Abstract
Stochastic parameterizations are used in numerical weather prediction
and climate modeling to help capture the uncertainty in the simulations
and improve their statistical properties. Convergence issues can arise
when time integration methods originally developed for deterministic
differential equations are applied naively to stochastic problems.
(Hodyss et al 2013, 2014) demonstrated that a correction term to various
deterministic numerical schemes, known in stochastic analysis as the Itô
correction, can help improve solution accuracy and ensure convergence to
the physically relevant solution without substantial computational
overhead. The usual formulation of the Itô correction is valid only when
the stochasticity is represented by white noise. In this study, a
generalized formulation of the Itô correction is derived for noises of
any color. It is applied to a test problem described by an
advection-diffusion equation forced with a spectrum of fast processes.
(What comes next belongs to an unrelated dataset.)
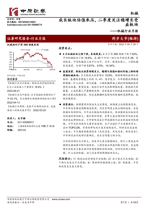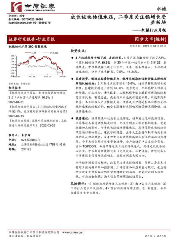 【中原证券】【20220426】机械行业月报:成长板块估值承压,二季度关注稳增长受益板块-18页

We present numerical results for cases with both constant and spatially
varying advection velocities to show that, for the same time step sizes,
the introduction of the generalized Itô correction helps to
substantially reduce time integration error and significantly improve
the convergence rate of the numerical solutions when the forcing term in
the governing equation is rough (fast varying); alternatively, for the
same target accuracy, the generalized Itô correction allows for the use
of significantly longer time steps and hence helps to reduce the
computational cost of the numerical simulation.